** Opening Data section block **
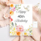 Celebrate a special 40th birthday with this elegant pastel floral greeting card. Featuring a soft watercolor design of delicate flowers and a charming bird, this card is perfect for conveying your heartfelt wishes. The scalloped edge adds a touch of whimsy, making it a beautiful keepsake for the birthday celebrant. The soft pastel colors create a serene and sophisticated atmosphere, perfect for a milestone birthday. Send your warmest wishes and make this 40th birthday truly memorable.
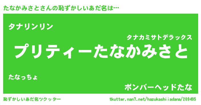 | ヒーロー風カッコイイあだ名 | 『スーパータナカミサト』『黄金騎士タナ』 |
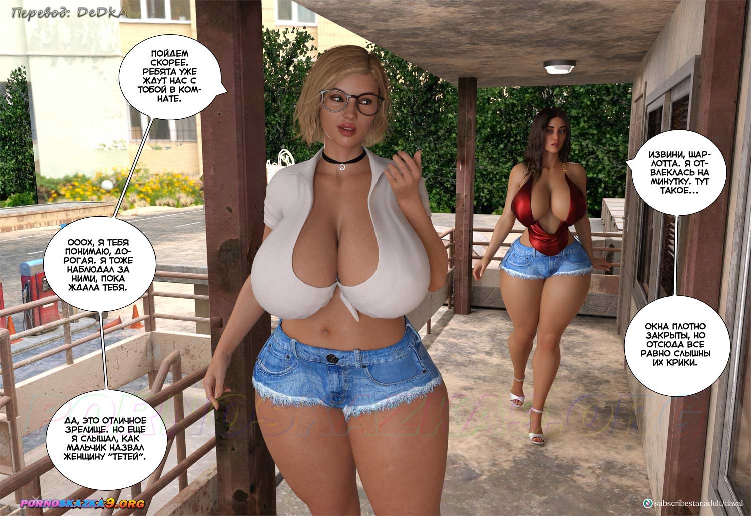 Порно комикс VIP-безумие. Вместе. Часть 3. Together. Daval3D Сисястая милфа осталась наедине со своим мужем и хотела потрахаться, но он уснул. К счастью красотки, домой с работы вернулся ее племянник, который позвал тетю в комнату, чтобы поебаться…
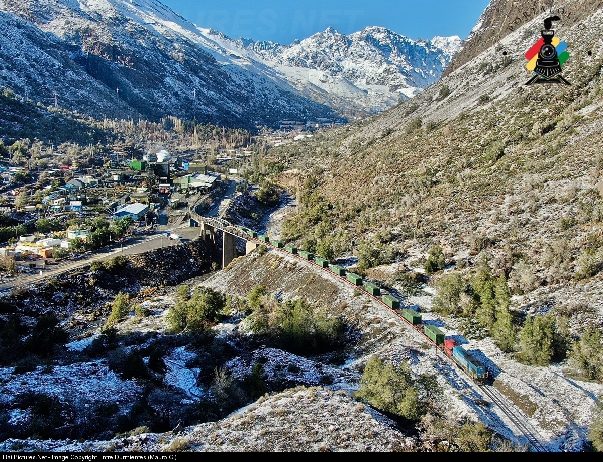 | Departure of train FEPASA #50.983 from CODELCO Andina copper mine in Saladillo mining camp, in the Andes mountain. Saladillo is located in Rio Blanco, a little village and former station of the transandine railway Los Andes (Chile) and Mendoza (Argentina) in Andes mountain (closed in 1984 except the section Los Andes - Rio Blanco which remains open to serve a CODELCO Andina copper mine located in Saladillo, Rio Blanco). |
** Closing Data section block **
§ What to produce
Every line from the start of the listing above through the line with "Порно комикс VIP-безумие." should be repeated exactly; skip the pictures and add nothing else.

§ Result of this exercise
 Celebrate a special 40th birthday with this elegant pastel floral greeting card. Featuring a soft watercolor design of delicate flowers and a charming bird, this card is perfect for conveying your heartfelt wishes. The scalloped edge adds a touch of whimsy, making it a beautiful keepsake for the birthday celebrant. The soft pastel colors create a serene and sophisticated atmosphere, perfect for a milestone birthday. Send your warmest wishes and make this 40th birthday truly memorable.
 | ヒーロー風カッコイイあだ名 | 『スーパータナカミサト』『黄金騎士タナ』 |
 Порно комикс VIP-безумие. Вместе. Часть 3. Together. Daval3D Сисястая милфа осталась наедине со своим мужем и хотела потрахаться, но он уснул. К счастью красотки, домой с работы вернулся ее племянник, который позвал тетю в комнату, чтобы поебаться…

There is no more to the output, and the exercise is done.